**EXERCISE GOAL**
Beginning with the line of the entries below that holds "ОсобенностиМодель можно разместить" and ending with the line that holds "NEW CASE OF SUNMAID ORGANIC RAISINS 1.81KG", transcribe each line exactly as written. Pictures stay out.

**THE DATA**
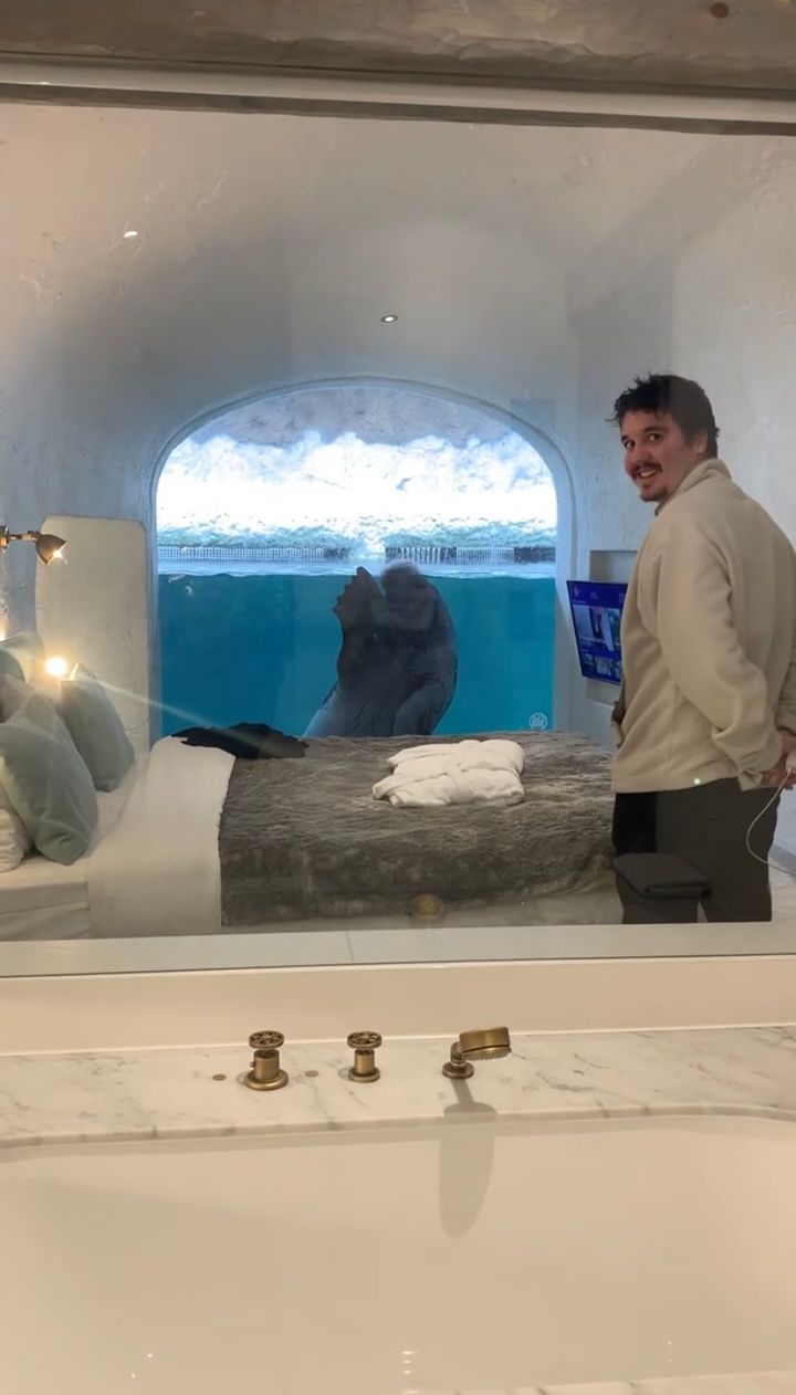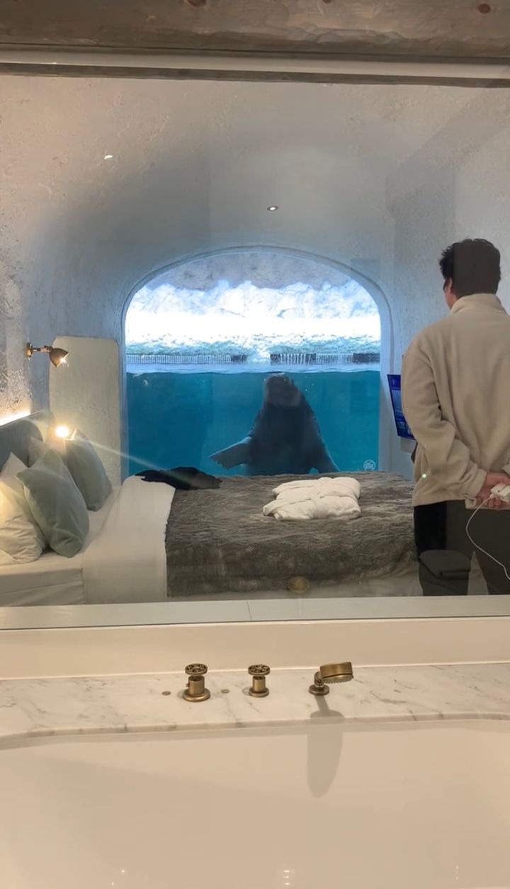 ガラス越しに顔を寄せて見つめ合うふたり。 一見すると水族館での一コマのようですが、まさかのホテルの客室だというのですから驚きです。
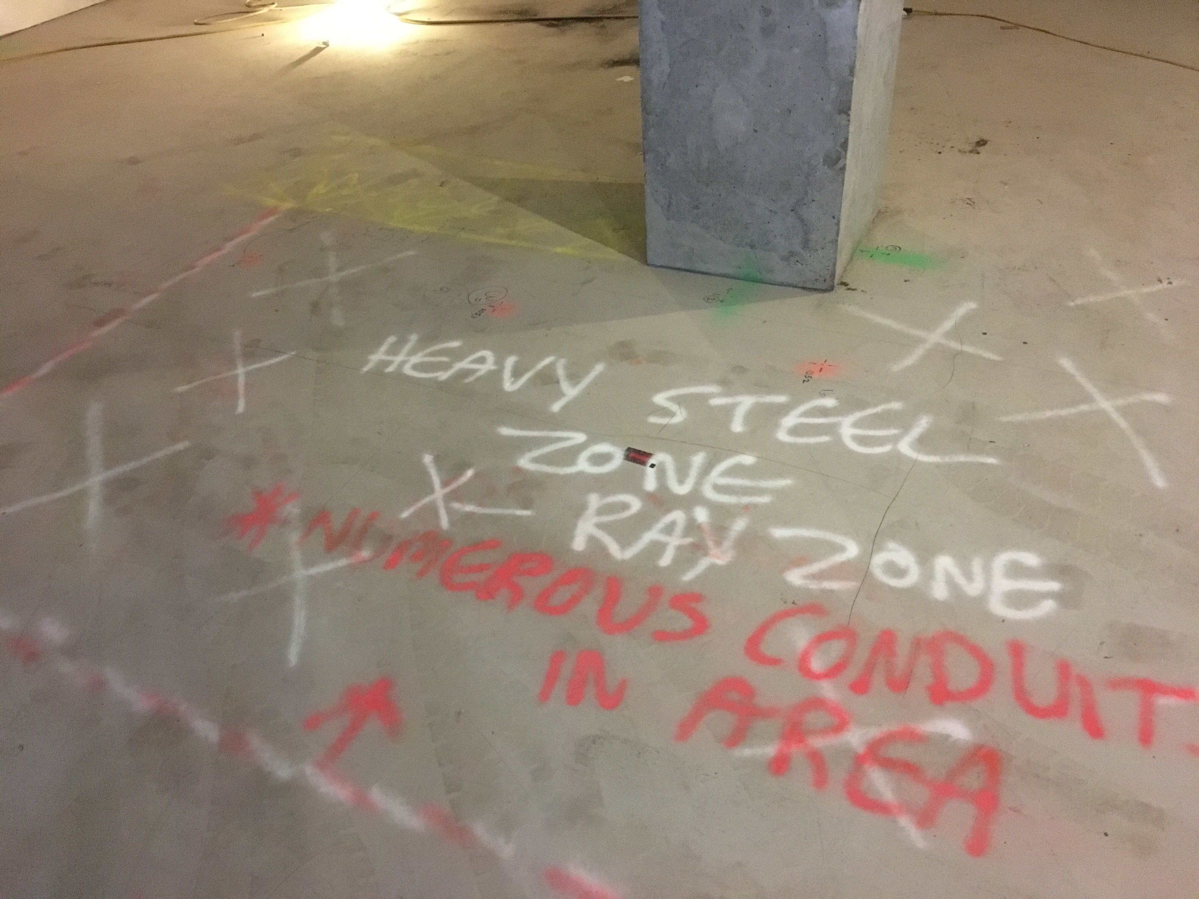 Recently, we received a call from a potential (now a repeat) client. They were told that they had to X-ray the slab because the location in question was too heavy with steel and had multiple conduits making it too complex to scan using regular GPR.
--
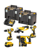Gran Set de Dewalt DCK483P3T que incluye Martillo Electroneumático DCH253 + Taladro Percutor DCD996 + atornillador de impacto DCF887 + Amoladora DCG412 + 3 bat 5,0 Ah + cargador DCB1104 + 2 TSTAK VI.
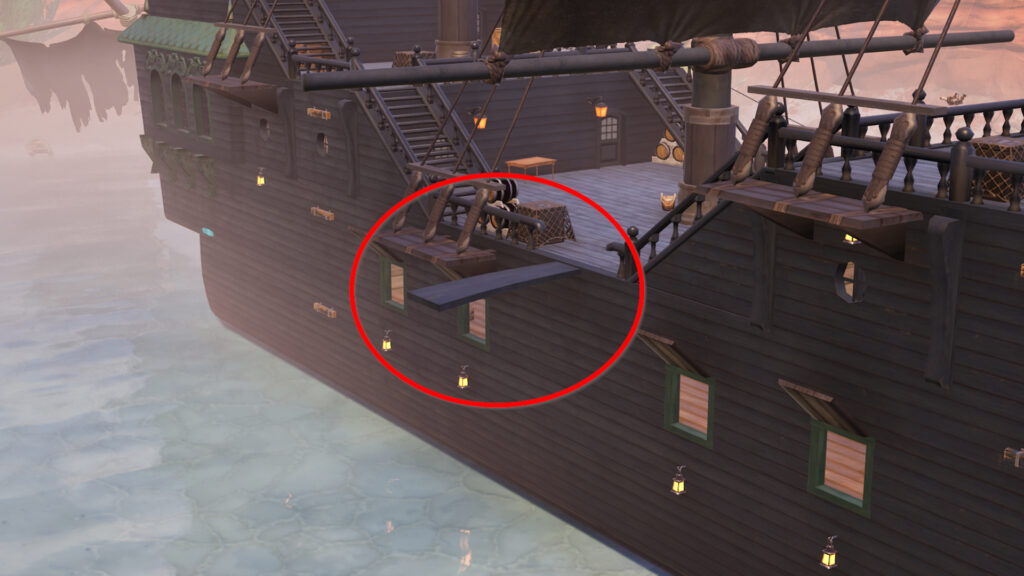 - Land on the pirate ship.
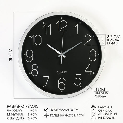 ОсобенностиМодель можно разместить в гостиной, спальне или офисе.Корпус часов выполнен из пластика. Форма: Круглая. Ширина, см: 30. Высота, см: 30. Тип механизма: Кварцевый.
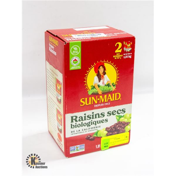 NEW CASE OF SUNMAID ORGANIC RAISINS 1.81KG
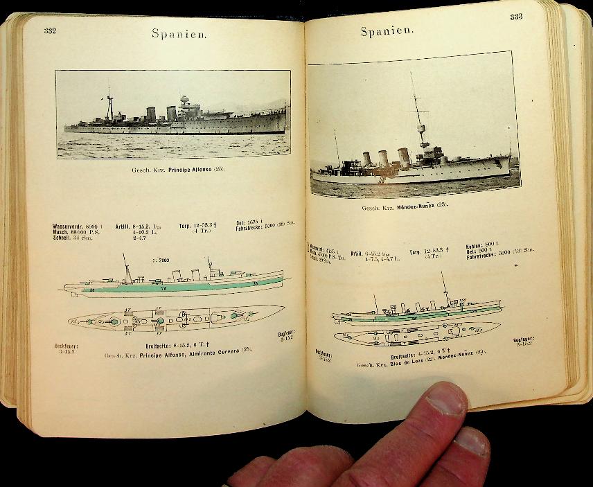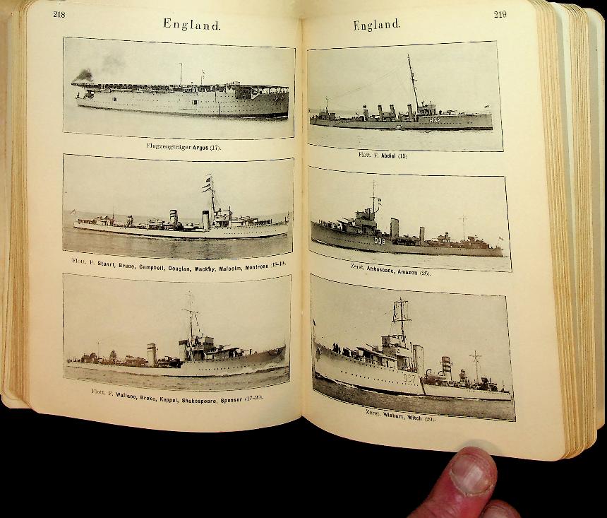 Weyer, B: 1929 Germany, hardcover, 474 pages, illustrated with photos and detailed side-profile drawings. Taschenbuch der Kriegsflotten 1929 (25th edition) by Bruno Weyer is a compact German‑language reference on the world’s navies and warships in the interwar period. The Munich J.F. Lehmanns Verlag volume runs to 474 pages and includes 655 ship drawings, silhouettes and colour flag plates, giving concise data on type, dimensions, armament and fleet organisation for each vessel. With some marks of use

**RESPONSE TO THIS EXERCISE**
 ОсобенностиМодель можно разместить в гостиной, спальне или офисе.Корпус часов выполнен из пластика. Форма: Круглая. Ширина, см: 30. Высота, см: 30. Тип механизма: Кварцевый.
 NEW CASE OF SUNMAID ORGANIC RAISINS 1.81KG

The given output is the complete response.